My happiest childhood memories are of going to community theatre productions of musicals. The Finley Playhouse in Sherman, Texas was every bit as glamorous to me as Broadway would have been, the actors as bright as any Hollywood stars. I remember pouring over the programs, reading the actors’ bios with fascination. At the King and I, say, I might learn that Anna is also a secretary at a law firm and that the King, when not ruling Siam, is a high school history teacher who enjoys woodworking. Somehow, the fact that these “stars” had pedestrian day jobs didn’t really bother me. Until the Eliza Doolittle debacle.
I was 8 or 9 years old when the Sherman Community Players staged My Fair Lady. For a little hick girl with aspirations of being a princess (that was the year Lady Di became one, after all) the play had obvious appeal. The costumes, the music, and most of all the very idea that a rough-hewn girl like Eliza could become the epitome of elegance reassured me that I could escape my dreary little reality someday. So, of course, the actress who played Eliza seemed to me the most enchant ing and gifted creature in the world. Someone truly worthy of idolizing, like Olivia Newton-John.

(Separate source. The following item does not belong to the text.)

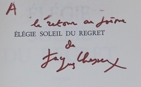 CHESSEX (Jacques) Elégie soleil du regret. Vevey, Bertil Galland, 1976.

Having deified the actress, it came as a bit of a shock when I saw her the very next day – working at the concession stand at the movies. I got in line behind my mom, with my little star struck heart thrashing about, rehearsing what I’d say to this goddess of the stage, trying to think what snack would be most likely to catch her attention. Which confection might make her say, “now, this little girl, she’s got star quality!”? I think I decided on Rolos because they seemed very sophisticated to me, not like something the typical child would choose.
In retrospect, I think I must have expected her to have a posh English accent. To this day I remember clearly what she said, and her exact intonation. Perhaps because a little bit of my childhood died with her words.
“Kin ai halp yew?” Daggers to my ears, an ax to my dreams!
“I…I saw you in My Fair Lady last night. You were very good.”
“Thahnk yew! Yer so kyoot! Kin ai gitchoo sumthin, hunny?”
There’s no single moment when a child attains sudden clarity on the difference between fantasy and reality. It’s a process that occurs in fits and starts throughout one’s life. Little epiphanies come in flashes and then sink like stones between the veils of imagination that protect our psyches and our egos, because those moments of clarity are often quite uncomfortable (remember finding out Santa wasn’t real?). Buying Rolos from Eliza Doolittle was one of those moments for me. How could she have been through all that with Henry Higgins, even if it was just in a play, and still just be a country girl behind a counter? And more importantly, what would that mean for my reality? Could it be possible that I wasn’t destined for greatness after all? It was, perhaps, my first existential crises.
It would be a few years before I came to appreciate the layers of irony in that encounter. The fact that the actress seemed like the modern Texas version of the Cockney flower girl-Eliza was lost on me. And of course I didn’t get that I was judging her, a complete stranger, for being who I was afraid of becoming rather than who I wanted to be. But I did somehow grasp, even then, that it was a significant emotional event. I held on to it, and without even meaning to I built around it a little shrine in my memory. And now, like Proust and his Madeleine, I’m transported back to that moment at the mere mention of My Fair Lady. Or even when the wea ther forecast calls for rain on the plains.